Sometimes two records are related in a way no built-in relationship captures — a partner who's the lender on a specific escrow, a document that matters to two different clients. **Entity links** are lightweight cross-references between any two records, in any combination. See the [entity link tools](/tools/entity-links).

## How your org shapes what you see

Every user belongs to a team, and every team belongs to a brokerage:

```text
Brokerage
└─ Team
   └─ Agent (user)
      ├─ Contacts ── the person record
      │    ├─ as a Lead ──(convert)──► as a Client
      │    └─ Appointments
      ├─ Listings ◄─┐
      ├─ Escrows ───┘ often the same property, two stages
      │    ├─ Documents (with AI risk analysis)
      │    ├─ Deadlines and checklists
      │    ├─ Showings
      │    └─ Open houses
      ├─ Vendor pipeline: Prospects ► Partners ► Referrals · Deals · Engagements
      └─ Property mgmt: Applications ► Leases ► Tenancies · PM consultations
```

Data visibility follows four **visibility scopes** that map onto the hierarchy: **standard** (your own records), **team** (across your team), **brokerage** (across the brokerage), and **admin** (platform administration). Roles are how users land in a scope — the classic real estate roles map directly (agent → standard, team_lead → team, broker → brokerage, system_admin → admin), and other verticals add their own roles (lender, property_manager, escrow_officer, and more) that slot into the same four scopes. Whatever credential you connect with (Claude, an API key, a JWT), you act as a specific user, so this hierarchy applies everywhere — see [the authentication model](/concepts/authentication).

## IDs and lifecycle

Every record's primary key is a **UUID**. There are no special ID formats to parse — treat IDs as opaque strings.

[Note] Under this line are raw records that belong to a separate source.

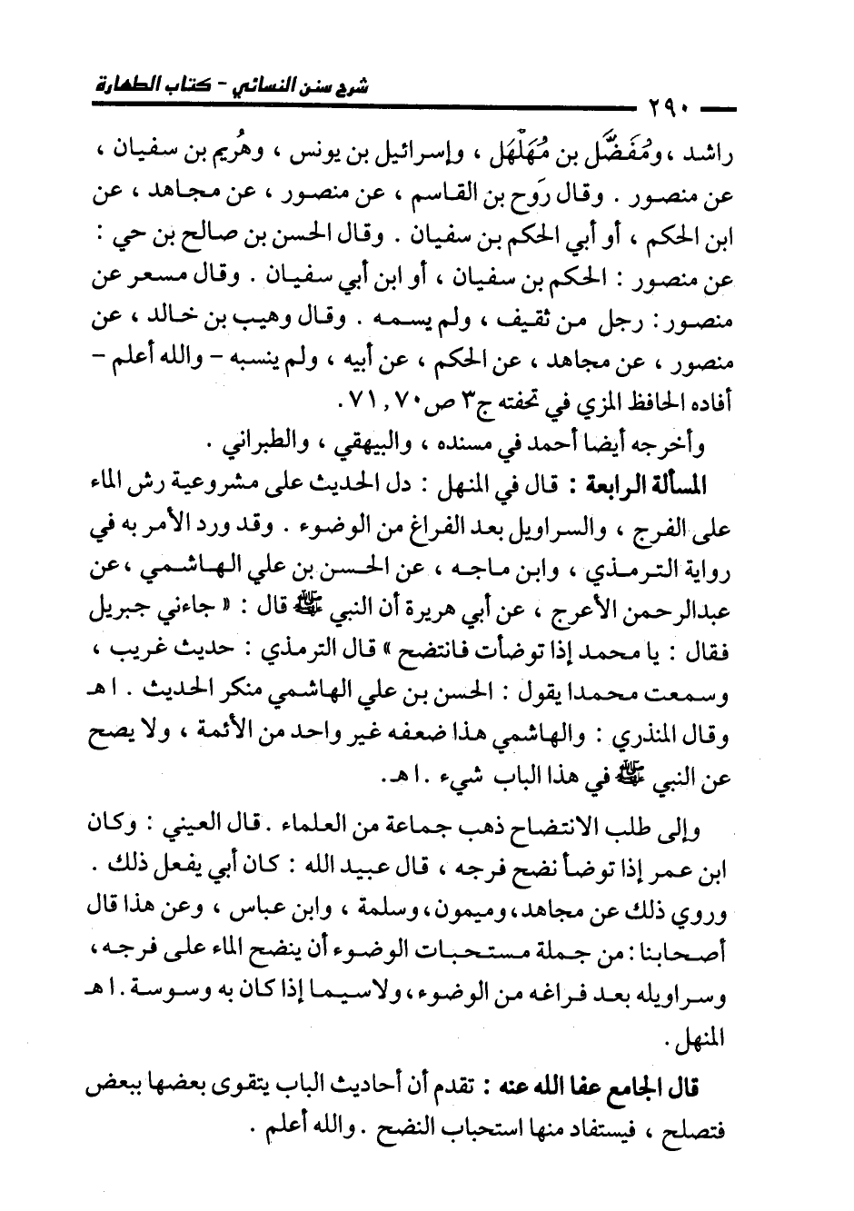 المسألة الرابعة: قال في المنهل: دل الحديث على مشروعية رش الماء على الفرج، والسراويل بعد الفراغ من الوضوء. وقد ورد الأمر به في رواية الترمذي، وابن ماجه، عن الحسن بن علي الهاشمي، عن عبد الرحمن الأعرج، عن أبي هريرة أن النبي - صلى الله عليه وسلم - قال: "جاءني جبريل فقال: يا محمَّد إذا توضأت فانتضح" قال الترمذي: حديث غريب، وسمعت محمدا يقول: الحسن بن علي الهاشمي منكر الحديث. اهـ وقال المنذري: والهاشمي هذا ضعفه غير واحد من الأئمة، ولا يصح عن النبي - صلى الله عليه وسلم - في هذا الباب شيء. اهـ.
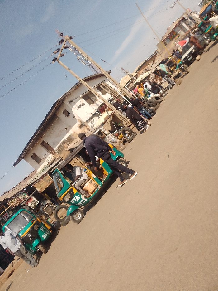 - "This image depicts a bustling street scene in the city of Jos, Nigeria, under a clear, bright blue sky" by FM-p2M1d2, licensed under CC BY 4.0
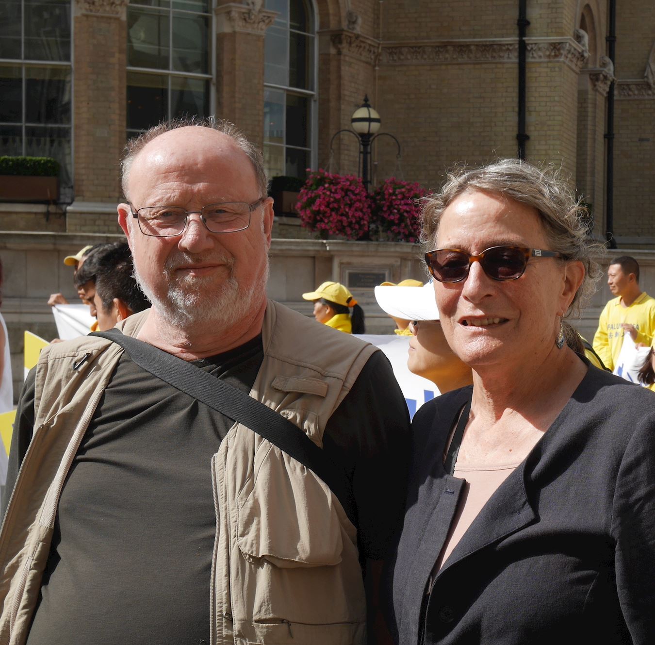 伊冯娜(Yvonne)和安迪(Andy)坐在石头台阶上观看游行队伍。安迪看着刚刚走过去的“法轮大法好”方阵说:“游行队伍看起来很愉悦(cheerful),法轮功学员很友善,人们喜欢在这里驻足,这是很美好的一天,很美好的一群人。”伊冯娜说:“我们来自伦敦北部,听说过法轮大法,知道这是来自中国的被打压的一种精神修炼,他们被中共打压,生活得很艰难。我觉得这(功法)很美。”在得知中共活摘器官真相后,她表示:“这个事情令人感到非常悲哀。”她很认同法轮功学员这种和平的向人们讲述真相的方式。
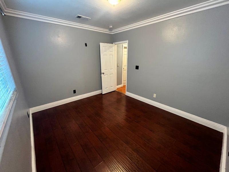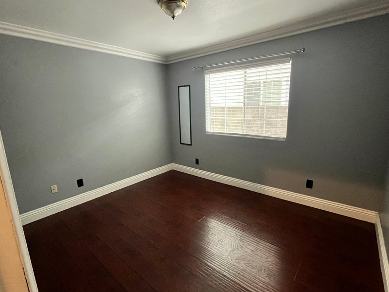 The available room is separate from the other bedrooms, offering extra privacy, and is located near the garage and laundry area. It features laminate wood flooring and a large window. While there is no closet, the space easily accommodates dressers and storage pieces. Garage storage is available directly beside the room if needed.
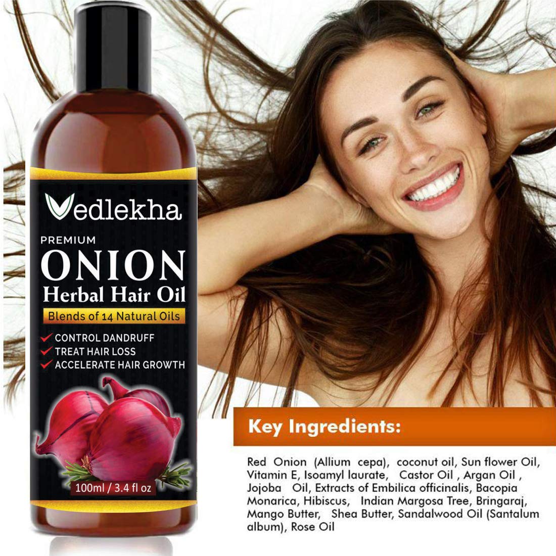 Vedlekha Onion Hair Oil with Red Onion Extract & Anti Dandruff 100ml Packof 3 Bottle (300ml)

Core entities share a soft-delete lifecycle:

1. **Archive** — the record leaves normal lists but nothing is lost. Reversible.
2. **Restore** — bring an archived record back, exactly as it was.
3. **Delete** — destructive and permanent. Deletes are role-gated and require confirmation.

Bulk versions of archive, restore, and delete exist for the core entities — see the [bulk operations tools](/tools/bulk-operations). When in doubt, archive: it's the safe default, and you can always restore.